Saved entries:
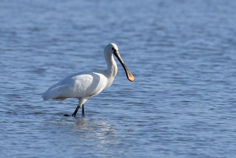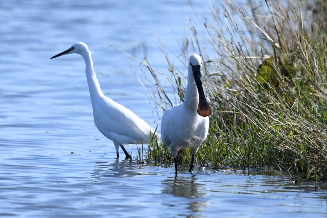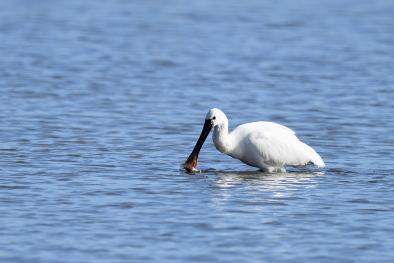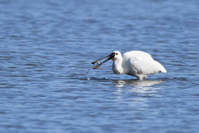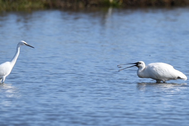 空腹を満たすように、嘴を左右に振り回して採餌し始めました。サギがおこぼれを狙っているようでした。
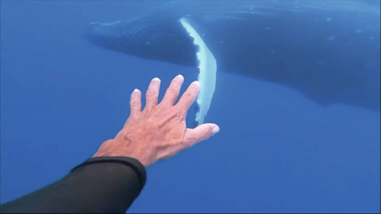 DLNR enforcement officers on Sunday received a video recording of a man snorkeling close enough to the adolescent humpback whale to almost touch the whale’s fin.
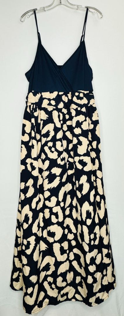 Print Long Dress M Navy Brown
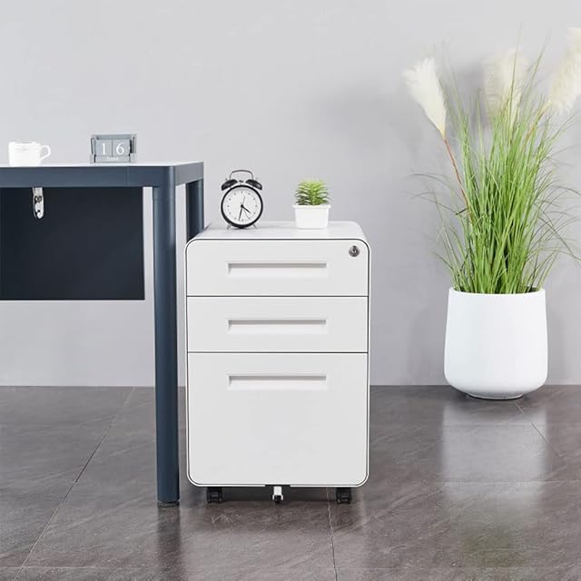 【法人様向け】 MTLES デスクワゴン サイドワゴン 鍵付き 3段 オフィスワゴン オフィス 引き出し 袖机 デスクサイド収納 キャスター付き おしゃれ 組立不要 完成品 すぐに使える 3段 引き出し サイドワゴン 大容量 A4対応 スチール製 ホワイト 幅40 奥行45 高さ60cm
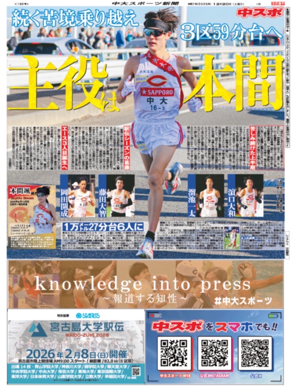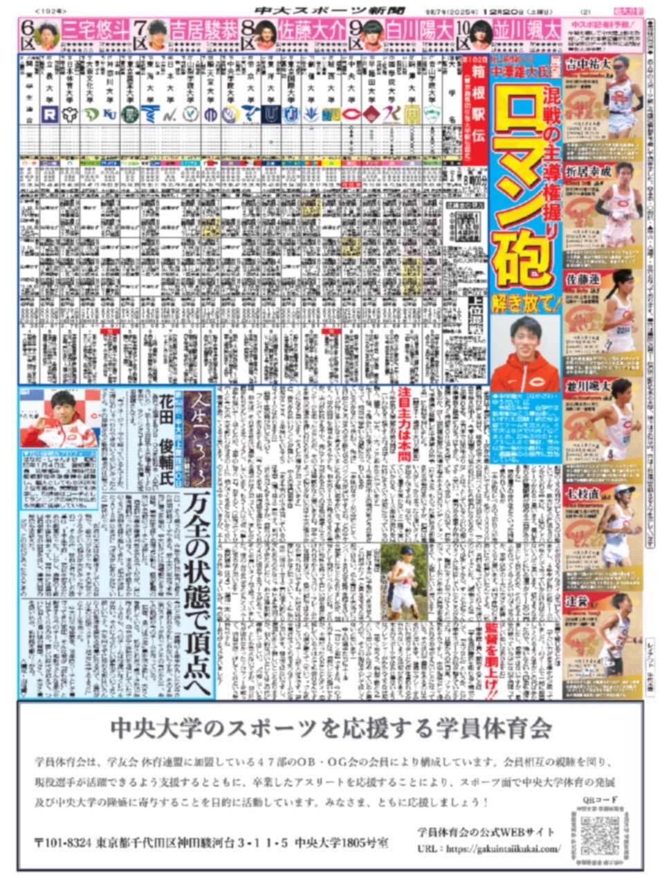 2025年12月20日(土)付で「中大スポーツ」第192号箱根号を4面構成で発行いたしました。
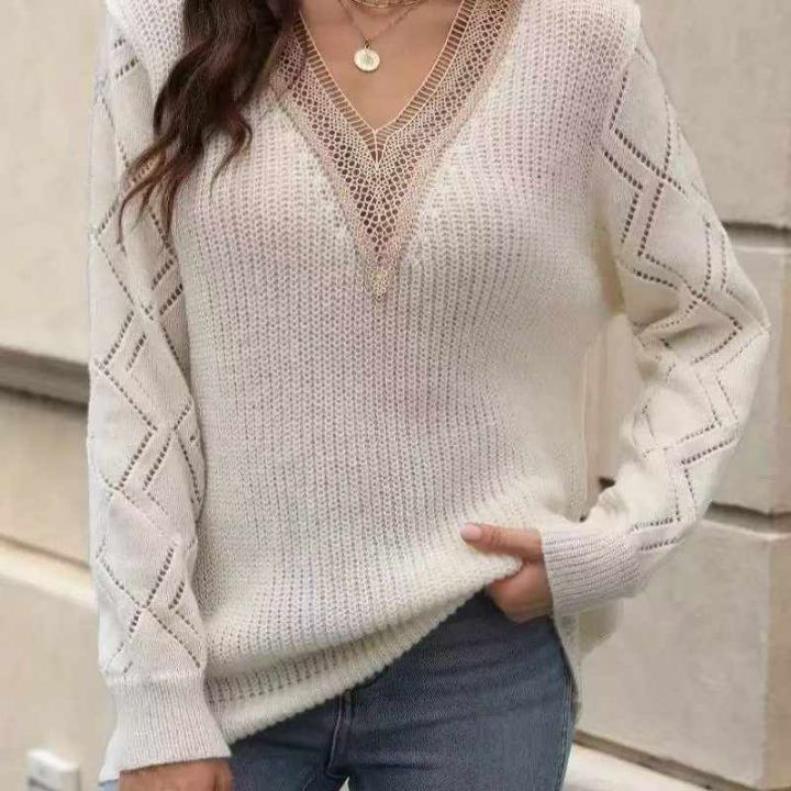 秋冬新款外贸原单美式宽松慵懒风V领粗针套头毛衣,独立包装,码数S-2XL码,...
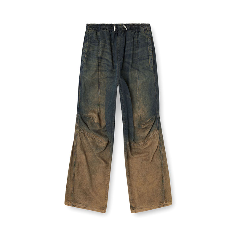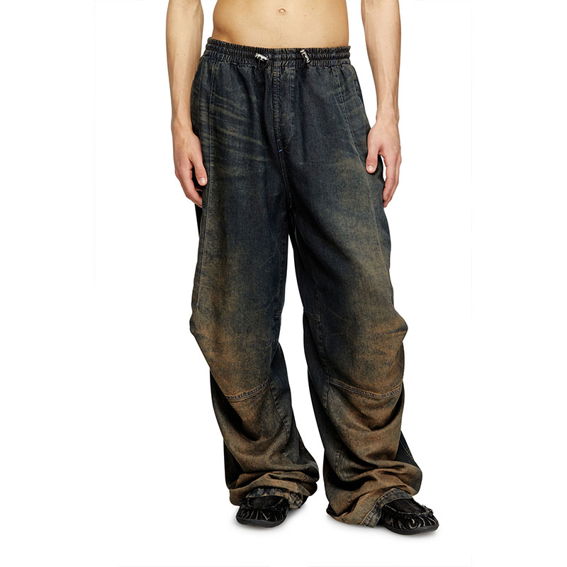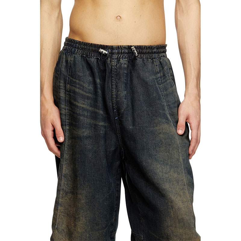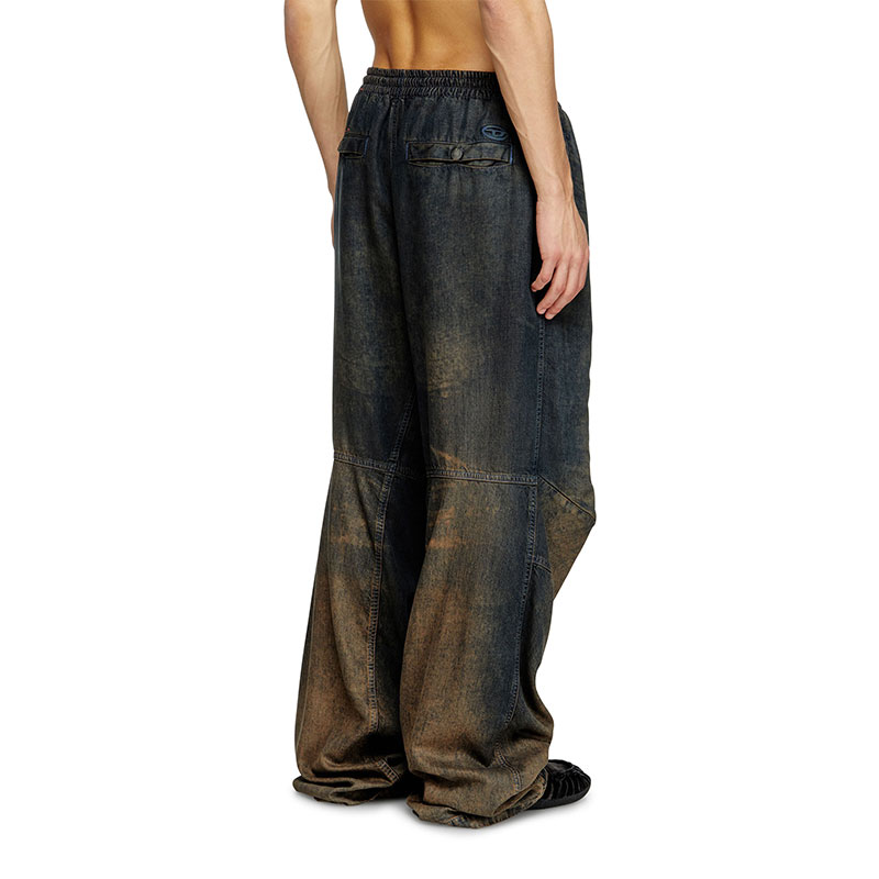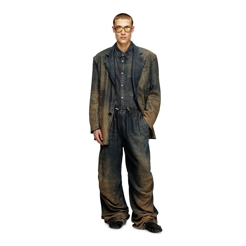 Crafted from dark blue lightweight Tencel Lyocell denim with a fluid texture. The dark blue wash is treated with spray and laser techniques to create a dégradé finish on the hem, enhanced by dirt effects in sandy tones.
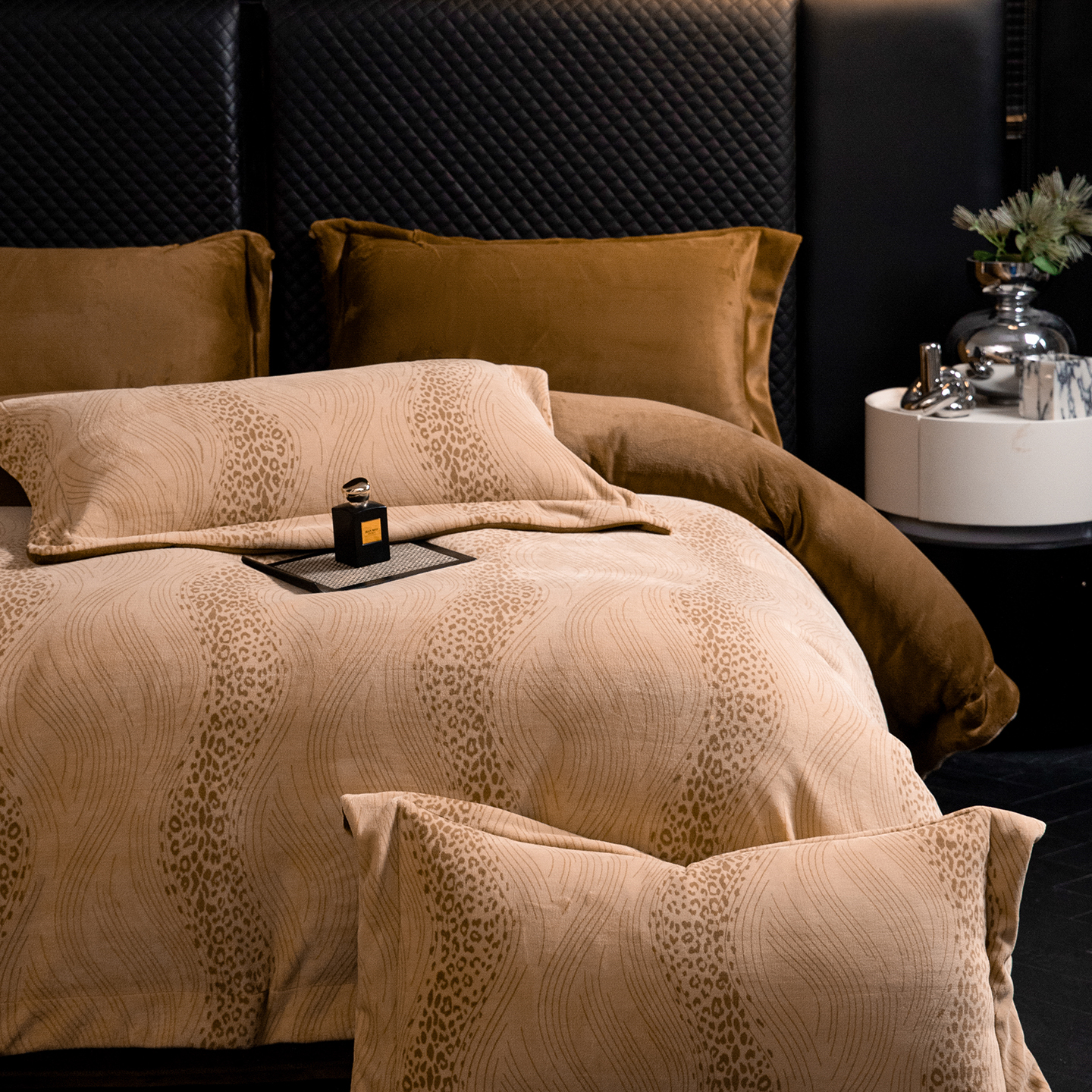 (总)控价 2025新款 专版花型 高克重240克全消光A类印花牛奶绒四件套-有风

**Problem details:**
No pictures belong in the output. Restate word for word only the lines from the one containing "Print Long Dress M Navy Brown" to the end of the entries above.

**Completed task:**
 Print Long Dress M Navy Brown
 【法人様向け】 MTLES デスクワゴン サイドワゴン 鍵付き 3段 オフィスワゴン オフィス 引き出し 袖机 デスクサイド収納 キャスター付き おしゃれ 組立不要 完成品 すぐに使える 3段 引き出し サイドワゴン 大容量 A4対応 スチール製 ホワイト 幅40 奥行45 高さ60cm
 2025年12月20日(土)付で「中大スポーツ」第192号箱根号を4面構成で発行いたしました。
 秋冬新款外贸原单美式宽松慵懒风V领粗针套头毛衣,独立包装,码数S-2XL码,...
 Crafted from dark blue lightweight Tencel Lyocell denim with a fluid texture. The dark blue wash is treated with spray and laser techniques to create a dégradé finish on the hem, enhanced by dirt effects in sandy tones.
 (总)控价 2025新款 专版花型 高克重240克全消光A类印花牛奶绒四件套-有风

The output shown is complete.